A close-up view of multiple smooth, round cookie dough balls placed closely together inside a white bowl. Each ball is light brown in color with small, colorful confetti-like sprinkles embedded throughout, featuring red, yellow, blue, green, purple, and white bits. The surface of the balls appears slightly glossy and soft. The background is a white marbled texture, creating a clean and bright environment. Photo taken with an iphone --ar 4:5 --v 7

Ingredients

  • 2 cups (180 g) Old-Fashioned Rolled Oats (lightly pulsed if you prefer a finer texture)
  • 1 cup (120 g) Vanilla Whey or Plant Protein Powder (use your favorite vanilla scoop-based protein)
  • 1/2 cup (56 g) Almond Flour (adds tenderness and subtle nuttiness)
  • 1/2 cup (128 g) Almond Butter, Peanut Butter, or Seed Butter (room temperature for easier mixing)
  • 1/3 cup (80 g) Maple Syrup or Honey (adjust sweetness to taste)
  • 3 tbsp (45 ml) Milk (dairy or plant-based, just enough to bring dough together)
  • 2 tsp (10 ml) Vanilla Extract (a key flavor booster—don’t skip!)
  • 1/4 tsp (1.5 g) Fine Salt (balances the sweetness)
  • 1/4 cup (40 g) Rainbow Sprinkles (for the cake-batter look and joyful crunch)

Instructions

  1. Step 1: Gather all ingredients and line a small baking tray or plate with parchment paper to set the balls later.
  2. Step 2: (Optional) Pulse the oats in a food processor for 10–12 quick pulses to create a finer texture without turning them into flour.
  3. Step 3: In a large bowl, combine the rolled oats, vanilla protein powder, almond flour, and fine salt. Stir gently but thoroughly to mix evenly.
  4. Step 4: Add the almond butter, maple syrup (or honey), vanilla extract, and milk. Fold and press the mixture using a sturdy spoon or your hands until it forms a pliable dough.
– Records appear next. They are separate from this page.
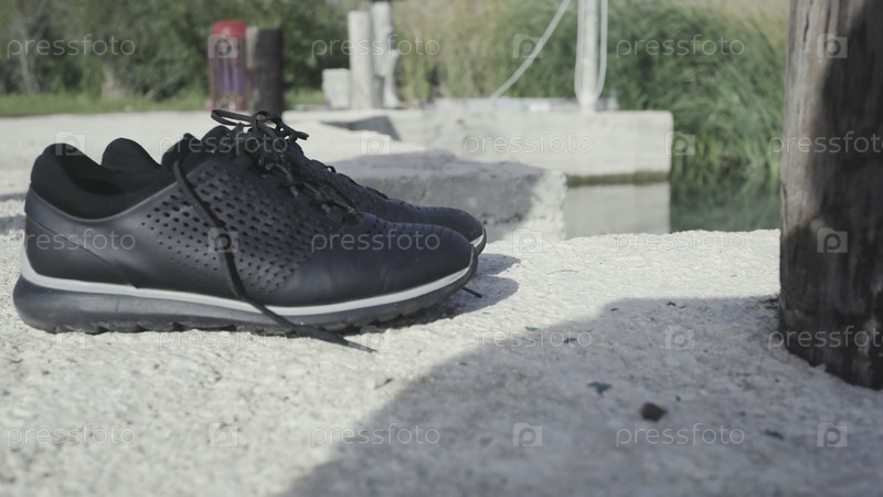 Обувная блокада против босоногих мужчин.Сток.Человек снял обувь и пошел в воду босиком.Жаркий летний день для купания
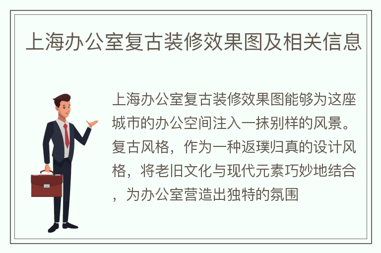 上海办公室复古装修效果图能够为这座城市的办公空间注入一抹别样的风景。复古风格,作为一种返璞归真的设计风格,将老旧文化与现代元素巧妙地结合,为办公室营造出独特的氛围......【点击详情】
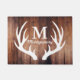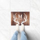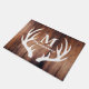 Schritt auf bis zu Bauernhof-Chic! Diese tiefe, reiche, rustikale braune hölzerne Scheunenplankenfußmatte hat eine klare weiße Rotwildgeweih-Silhouette und Ihren personalisierten Familienname- und Monogrammbrief. Beenden Sie weg Ihr Bauernhaus mit dieser großen Fußmatte, um Ihre Gäste zu grüßen.
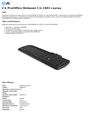 CAProOfficeBelmontCA-1403czarna Opis WygodnaklawiaturaprzewodowaCALIFORNIAACCESSCA-1403BELEMONTzklawiszamiwukładzieQWERTYi konsoląnumeryczną.11klawiszyspecjalnychułatwiającychszybkąpracę.Prostainstalacjadziękisystemowi PLUG&PLAY.KompatybilnazWindows. Opismarketingowy WygodnaklawiaturaprzewodowaCALIFORNIAACCESSCA-1403BELEMONT KlawiszewukładzieQWERTY Konsolanumeryczną 11klawiszyspecjalnychułatwiającychszybkąpracę ProstainstalacjadziękisystemowiPLUG&PLAY KompatybilnazWindows Specyfikacja EAN 5902012921203 Układ QWERTY Konsolanumeryczna tak Długośćprzewodu Waga Systemoperacyjny Windows Wymiary Kolor czarny Gwarancja 2lata Technologia Plug&Play Typklawiatury multimedialna Klawiszespecjalne 11klawiszy Interfejs USB Obudowa plastik e-mail:[email protected] ©2015-2017CaliforniaAccessWszystkieprawazastrzeżone
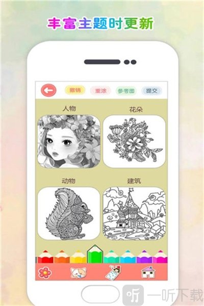 涂色花园是一款趣味十足的涂色游戏。玩家在游戏中,既能按自己心仪的方式挑选喜爱的画作上色,无需担忧颜料浪费或涂错颜色,因为即便涂错也能删除重画;还能把自己钟爱的各类图片上传,重新进行上色,着实是一款不错的游戏。

If too dry, add milk 1 teaspoon at a time; if too sticky, add more oats or almond flour.
  5. Step 5: Fold in the rainbow sprinkles last to keep their color and texture intact.
  6. Step 6: Scoop tablespoon-sized portions and roll them between your palms to form balls about 1–1.25 inches (32–35 g) each, aiming for around 20 balls.
  7. Step 7: Place the balls on the parchment-lined tray and chill in the fridge for at least 20 minutes to firm up and develop texture. For a quicker set, freeze for 5 minutes.
  8. Step 8: Enjoy immediately or store leftovers in an airtight container lined with parchment. Keep refrigerated up to 10 days or freeze up to 2 months.

Tips & Variations

  • If you don’t have almond flour, substitute with an extra 1/3 cup of finely pulsed oats for similar texture and moisture.
  • To make these balls vegan, choose a plant-based vanilla protein powder and use maple syrup instead of honey.
  • Use your favorite nut or seed butter according to preference or availability.
  • For a firmer texture, chill the balls longer or freeze before serving.

Storage

Store the protein balls in an airtight container lined with parchment paper in the refrigerator for up to 10 days. For longer storage, freeze them for up to 2 months. When ready to eat, thaw frozen balls in the fridge for a few hours or enjoy slightly chilled. No reheating is necessary, but letting them sit at room temperature for a few minutes can soften their texture.

How to Serve

A white bowl filled with smooth, round beige cookie dough balls that have colorful sprinkles embedded throughout. Each ball is shiny and uniform in size, showing a soft, slightly glossy texture. The sprinkles are small and come in red, yellow, blue, green, white, and purple colors, scattered randomly on the surface of each dough ball. The bowl is placed on a white marbled background, enhancing the contrast and focus on the vibrant sprinkle colors. photo taken with an iphone --ar 4:5 --v 7

Serve this delicious recipe with your favorite sides.

FAQs

Can I use other types of protein powder?

Yes, you can use any vanilla-flavored protein powder you like, whether whey, plant-based, or collagen. Just keep the flavor profile similar for the best taste.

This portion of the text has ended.